The bar was known for a line of graffiti that alluded to the Beat generation with the words “I’ve got Jack Kerouac in my liver.” As befitting the bar’s chaotic, dingy atmosphere, Kappa Delta Rho fraternity president Dave Terry, CC ’89, commented in a Spectator “Quote of the day” that a fraternity member was once injured in a brawl at Cannon’s.
The bar was frequented by comedian George Carlin, and it was most popularly known as the bar from the 1983 film “Trading Places,” in which Billy Ray Valentine, played by Eddie Murphy, repays a debt to the barman and orders champagne for everyone there.
Lucy’s Surfeteria opened to Morningside Heights in 1987 with surfboards on its walls and fajitas on its menu. The California-style bar replaced the Blue Rose, a popular spot for live rock bands that was shut down for code violations.
With wooden booths painted ocean blue and Malibu-inspired clothes for the waitstaff, Lucy’s was what Schaerf describes as a “kitschy drinks place” that would put a “plastic whale on your drink.” A sign on the wall read, “what surfing is all about is happening out in the waves … not in the clothes you wear, not in the music you listen to.”
The bar drew a lot of criticism from community members and students who believed it was gentrifying the neighborhood. In a 1987 Spectator article, Stanley Sagner described the bar as “soulless,” and “so impersonal it feels like they have [not] taken the plastic wrap [off] the furniture yet.”
However, Lucy’s Surfeteria grew in popularity in 1987 after Tom Cruise spent a week training to bartend for his upcoming movie “Cocktail.” Cruise would serve clients drinks during regular business hours, doing very “little to make himself incognito.”
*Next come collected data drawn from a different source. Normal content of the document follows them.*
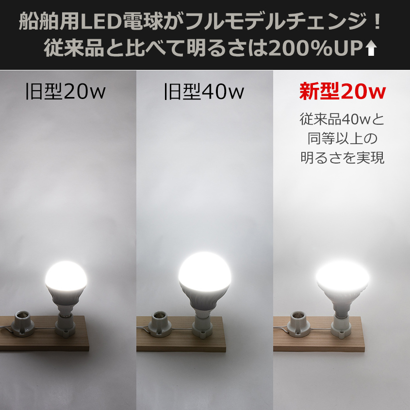 集魚灯 デッキライト に最適な 船舶用 LED電球 20w E26口金 12v 24v 兼用タイプ。
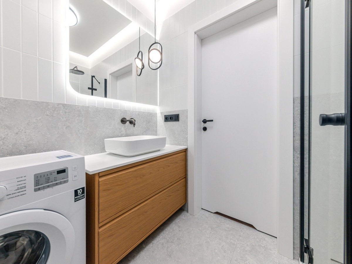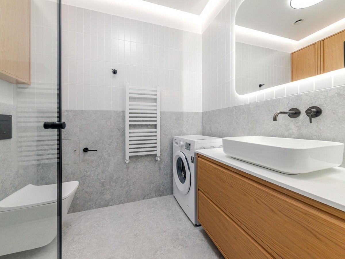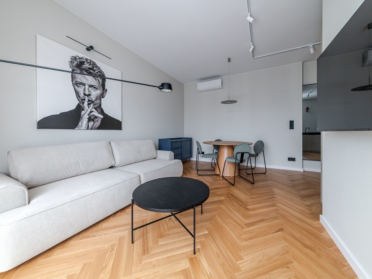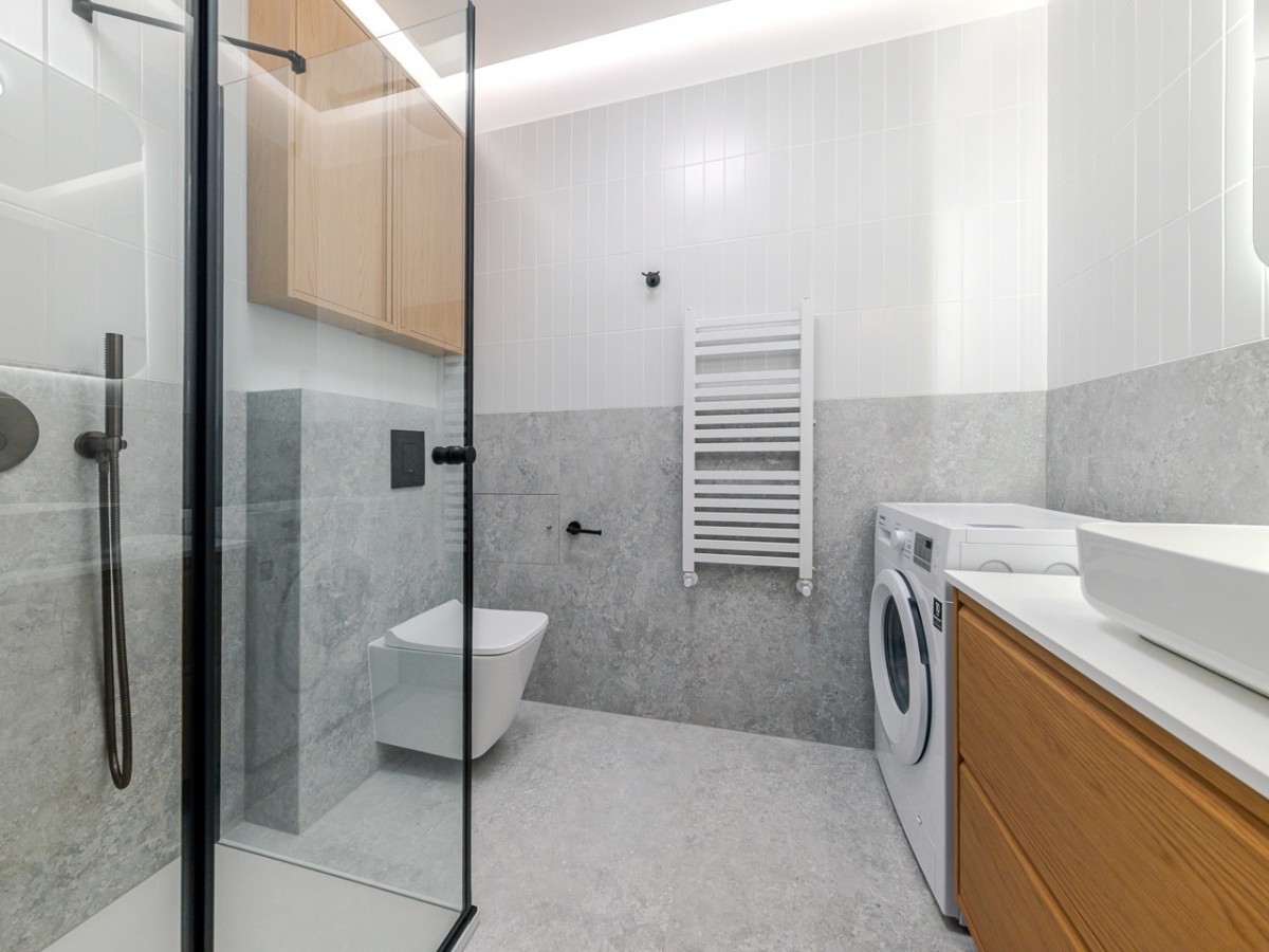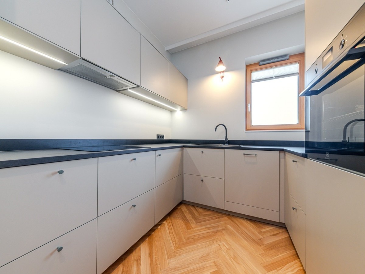 The flat is fully furnished and equipped - the kitchen includes a 60 cm dishwasher, the living room has a sofa bed and a 55" TV, and the bedroom has a 160 cm bed and three wardrobes. The property has never been lived in. It is ideal for a single person or a couple who value comfort and peace and quiet.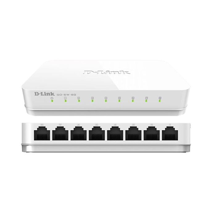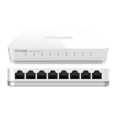 GO-SW-8G/E je SOHO neupravljivi gigabitni preklopnik, namjenjen manjim mrežama i radnim grupama. Osam 10/100/1000 Mbps portova posjeduju svojstvo automatske detekcije UTP kabela, omogućavajući rad uz korištenje straight-through ili crossover kabela. Automatskim gašenjem portova koji nisu u upotrebi štedi energiju (D-Link Green Technology). Malih je dimenzija, nečujan i jednostavan za korištenje. Napaja se vanjskim naponskim ispravljačem.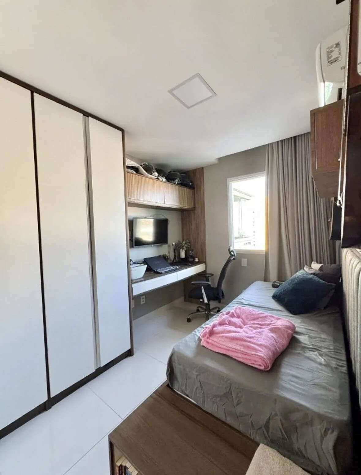Com 75 m² de área privativa, o apartamento apresenta um projeto inteligente e funcional, dispondo atualmente de 2 quartos, sendo 1 suíte, ambientes bem planejados, com móveis modulados.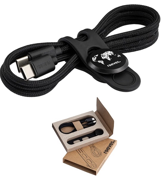 A branded sample can perfectly demonstrate the advertising impact of a tangible logo. Use this laser-engraved sample to impress your customers! Using this silicone cable tie, a cable can be wound and stored easily and compactly. The engraving is applied to the round plate made of recycled aluminium. The included USB-C to USB-C charging and data cable is made from recycled PET and TPE plastics. Depending on the device, adapter and power source, the charging cable offers a power output of up to 60 watts, enabling fast and convenient charging.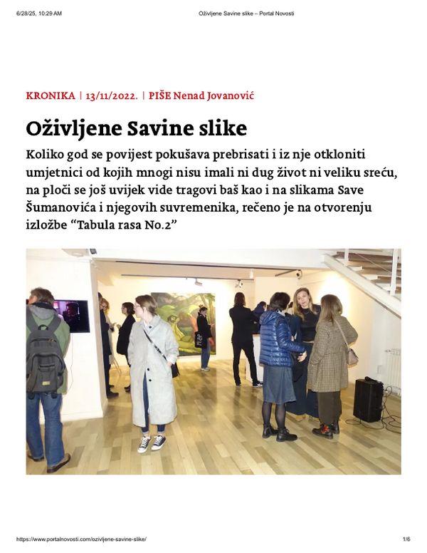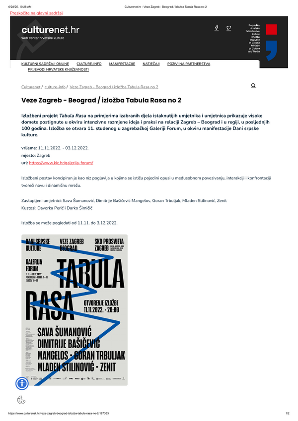 studeni 2022. TABULA RASA, Grupna izložba, Galerija Forum Vrsta dokumenta: Novinski članak Djelatnost: Galerijska djelatnost Novosti, 13. studenog 2022.Autor: Nenad JovanovićGrupna izložba koja se održala u Galeriji Forum. Preuzmi dokument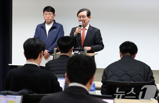 (서울=뉴스1) 김성진 기자 = 윤석열 대통령 측 윤갑근 변호사가 25일 서울 서초구 스페이스쉐어 강남역센터에서 검찰의 구속영장 연장 재신청 관련 입장 발표 기자회견을 하고 있다. 2025.1.25/뉴스1ssaji@news1.krCopyright ⓒ 뉴스1. All rights reserved. 무단 전재 및 재배포, AI학습 이용 금지.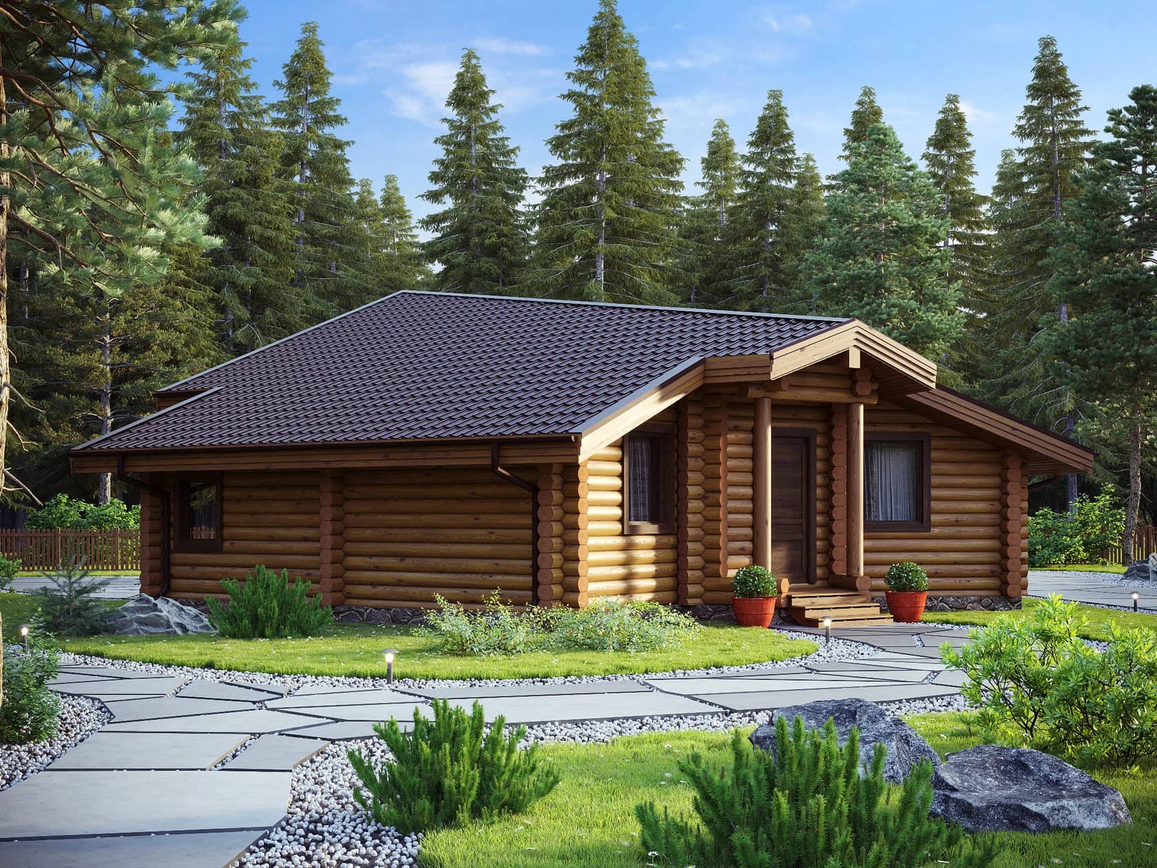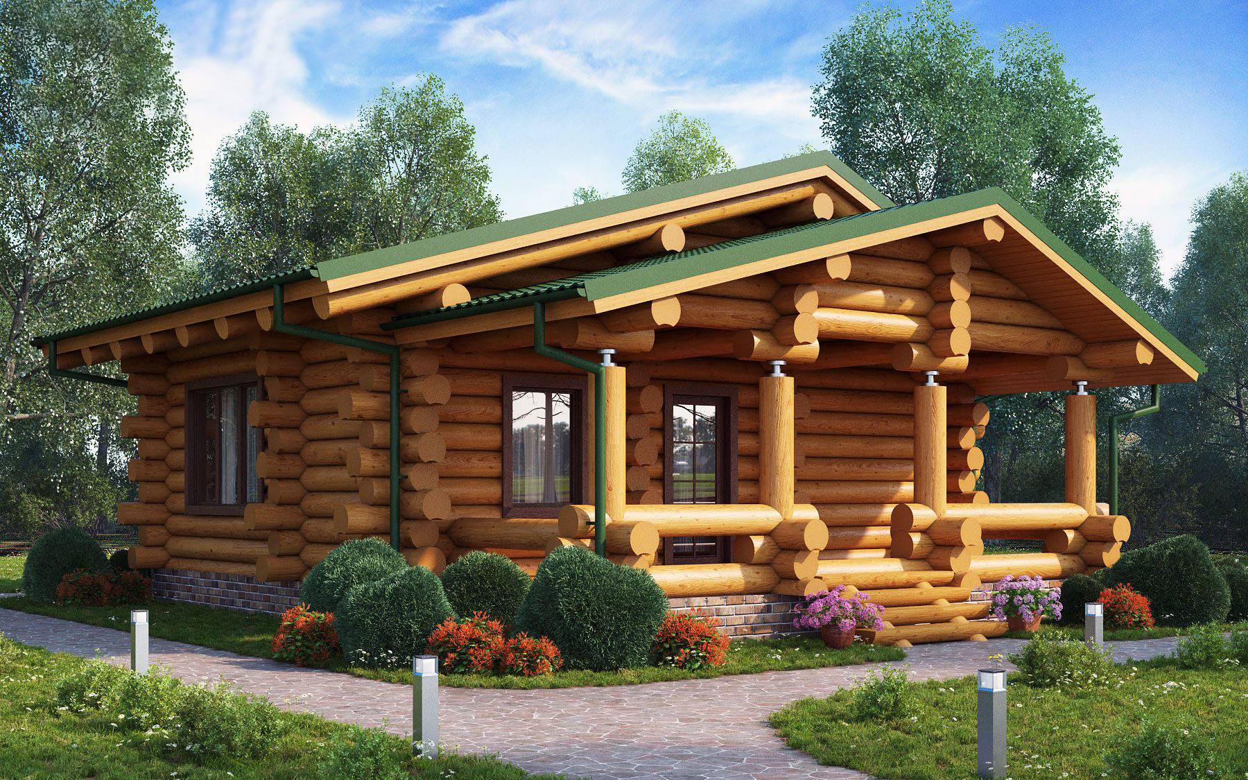 Одноэтажные дома из оцилиндрованного бревна
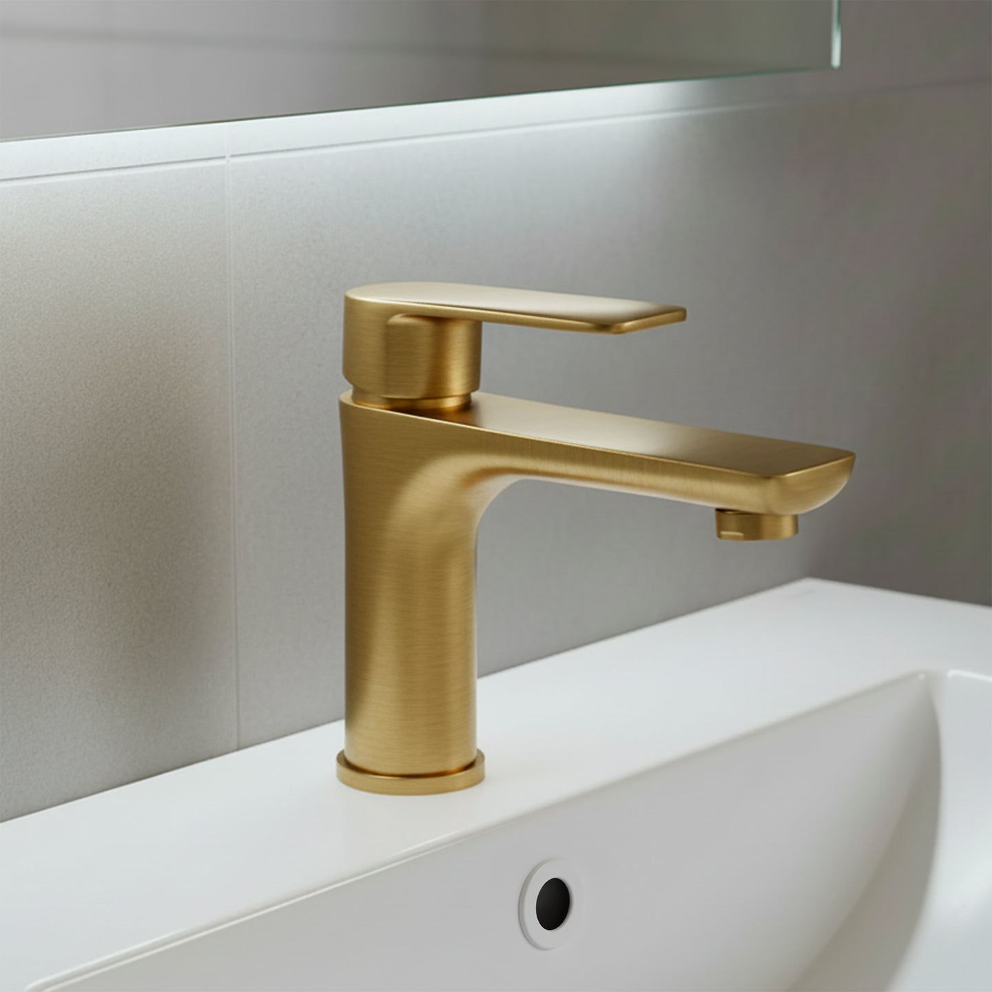 Mitigeur de salle de bain Arko en laiton massif, disponible en chromé, noir mat, doré brossé et rose gold brossé. Design contemporain, durable et élégant.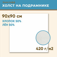 Холст грунтованный на подрамнике 90х90 см, 420 г/м2, лен 50%, хлопок 50%, мелкое зерно, Холстофф: сравнение цен, характеристики, фото, актуальное наличие и цены.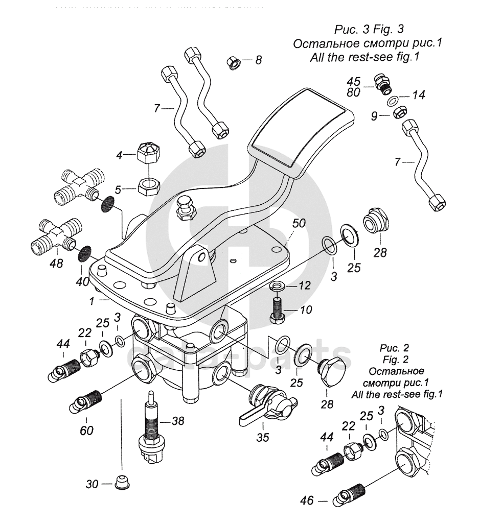 Кран КАМАЗ-ЕВРО тормозной 2-х секционный в сборе с педалью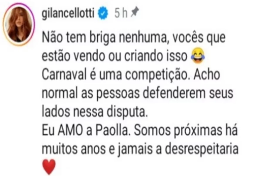 “Não tem briga nenhuma, vocês que estão vendo ou criando isso. Carnaval é uma competição. Acho normal as pessoas defenderem seus lados nessa disputa. Eu amo a Paolla e jamais a desrespeitaria”, garantiu, na página Segue a Cami, no Instagram.
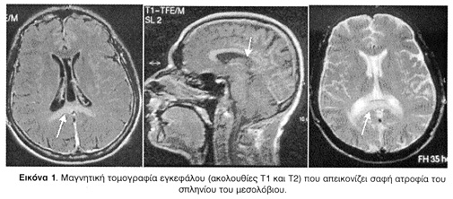 βλάβες στη λευκή ουσία του εγκεφάλου και ατροφία του μεσολοβίου, ενώ σαφώς σπανιότερα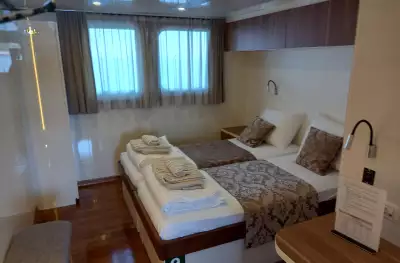 The thoughtfully-designed fully air-conditioned cabins are all equipped with desk and chair, wardrobe, safe, hair dryer and bathroom with shower and contemporary fittings so your comfort is assured. Free Wi-Fi is available throughout.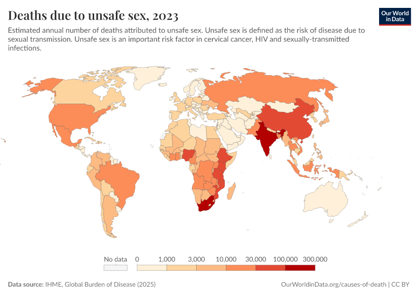 “Data Page: Deaths due to unsafe sex”, part of the following publication: Esteban Ortiz-Ospina and Max Roser (2016) - “Global Health”. Data adapted from IHME, Global Burden of Disease. Retrieved from https://chart-preview-staging.owid.pages.dev:8789/20260213-112438/grapher/deaths-due-to-unsafe-sex.html [online resource] (archived on February 13, 2026).How to cite this data

“...Everybody went down there,” Schaerf said. “[Cruise] had a big smile [and] was very light about it. And he deflected everything—the football players were going after him, busting his chops, and he just smiled.”
The Marlin Cafe
The Marlin Cafe was another staple bar around the University, one known for its very cheap drinks and risqué ambiance. A 1975 Spectator article notes that the bar had “granite floors, creaking bar chairs, and a proverbial television tuned to a never-ending baseball game.”
The bar occupied space now owned by Koronet Pizza and featured a marlin hanging on the wall. Schaerf describes the bar’s clientele as people “who weren’t really looking to fit in.” The Marlin Cafe had a more intimate and informal character than the nearby West End, even as it was also considered dodgier. Professors like Russian-American poet Joseph Brodsky often drank at the bar and occasionally taught classes there.
McSweeney considered The Marlin “a real landmark” in which he spent his teenage years. Its 1994 closure after 46 years of operation devastated him. “We have been losing these places, one by one, year by year, and it doesn’t matter what anybody thinks or says; bars and taverns are very important aspects of the local community.”
Despite recent closings, there is no denying the longstanding influence these bars have had. These spaces were cultural institutions that inspired cultural movements, fostered discourse, and made people feel welcome and accepted.
“The kind of ideal bar … had a feeling of sort of equality amongst a number of patrons despite the fact that there were lawyers, University professors, cooks, taxi drivers, bartenders, waiters, everyone kind of discussing the political events of the day plus the neighborhood politics,” Sismondo said.